Look through the data below for the line with "piscine dans la résidence" and the line with "Fotostandpunkt 2-DSC_0149- Kig", then output those two and all lines in between, exactly as written.
[[ THE INPUT open ]]
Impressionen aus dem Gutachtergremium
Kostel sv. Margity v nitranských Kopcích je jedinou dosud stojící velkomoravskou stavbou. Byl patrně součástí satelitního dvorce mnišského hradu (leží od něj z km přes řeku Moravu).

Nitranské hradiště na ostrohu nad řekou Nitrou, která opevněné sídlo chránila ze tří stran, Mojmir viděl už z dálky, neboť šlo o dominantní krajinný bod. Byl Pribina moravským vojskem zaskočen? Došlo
[[ THE INPUT closed ]]
[[ THE INPUT open ]]
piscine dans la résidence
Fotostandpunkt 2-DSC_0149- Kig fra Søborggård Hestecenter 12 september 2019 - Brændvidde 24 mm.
[[ THE INPUT closed ]]
[[ THE INPUT open ]]
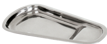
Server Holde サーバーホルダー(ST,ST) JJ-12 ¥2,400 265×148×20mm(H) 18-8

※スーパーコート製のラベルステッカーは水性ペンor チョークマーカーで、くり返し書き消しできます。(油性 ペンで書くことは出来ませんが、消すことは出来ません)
[[ THE INPUT closed ]]
RESULT BELOW:
piscine dans la résidence
Fotostandpunkt 2-DSC_0149- Kig fra Søborggård Hestecenter 12 september 2019 - Brændvidde 24 mm.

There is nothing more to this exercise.